> _Work order_
Look below for the line that has "というわけで、今日は小さな女". Set down the lines from there through the line that has "in, or whatever.", exactly as written.

> _Material for this exercise_
────
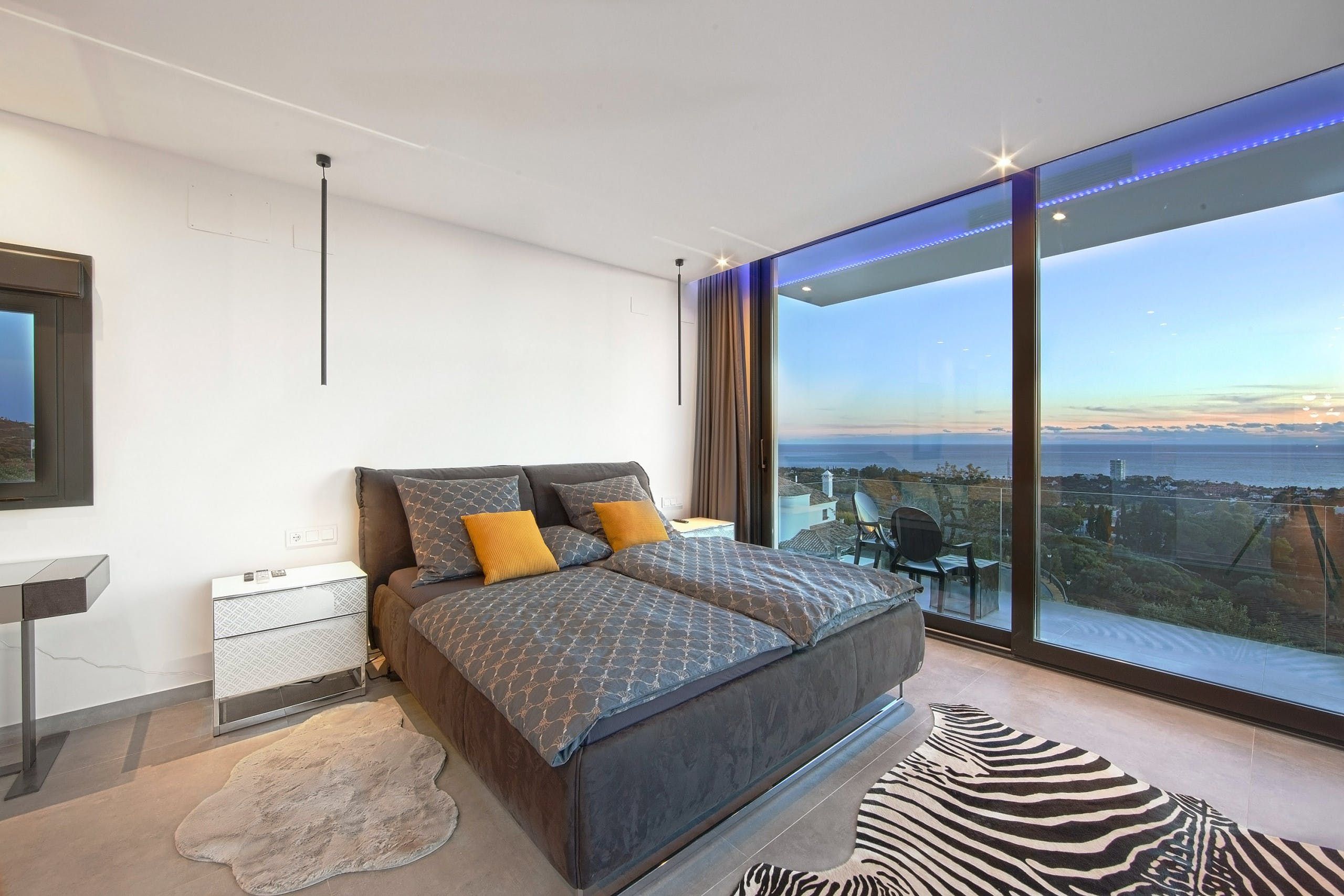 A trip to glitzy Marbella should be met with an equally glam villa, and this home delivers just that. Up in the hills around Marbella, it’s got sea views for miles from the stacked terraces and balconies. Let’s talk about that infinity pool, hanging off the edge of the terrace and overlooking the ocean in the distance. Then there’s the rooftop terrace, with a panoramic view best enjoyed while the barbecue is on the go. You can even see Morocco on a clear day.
────
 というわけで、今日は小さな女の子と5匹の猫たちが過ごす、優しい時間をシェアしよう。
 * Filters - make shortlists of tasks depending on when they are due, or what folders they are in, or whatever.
────
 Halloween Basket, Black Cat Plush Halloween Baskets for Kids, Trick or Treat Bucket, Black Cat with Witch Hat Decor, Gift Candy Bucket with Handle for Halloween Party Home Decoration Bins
────
> _Response area_
 というわけで、今日は小さな女の子と5匹の猫たちが過ごす、優しい時間をシェアしよう。
 * Filters - make shortlists of tasks depending on when they are due, or what folders they are in, or whatever.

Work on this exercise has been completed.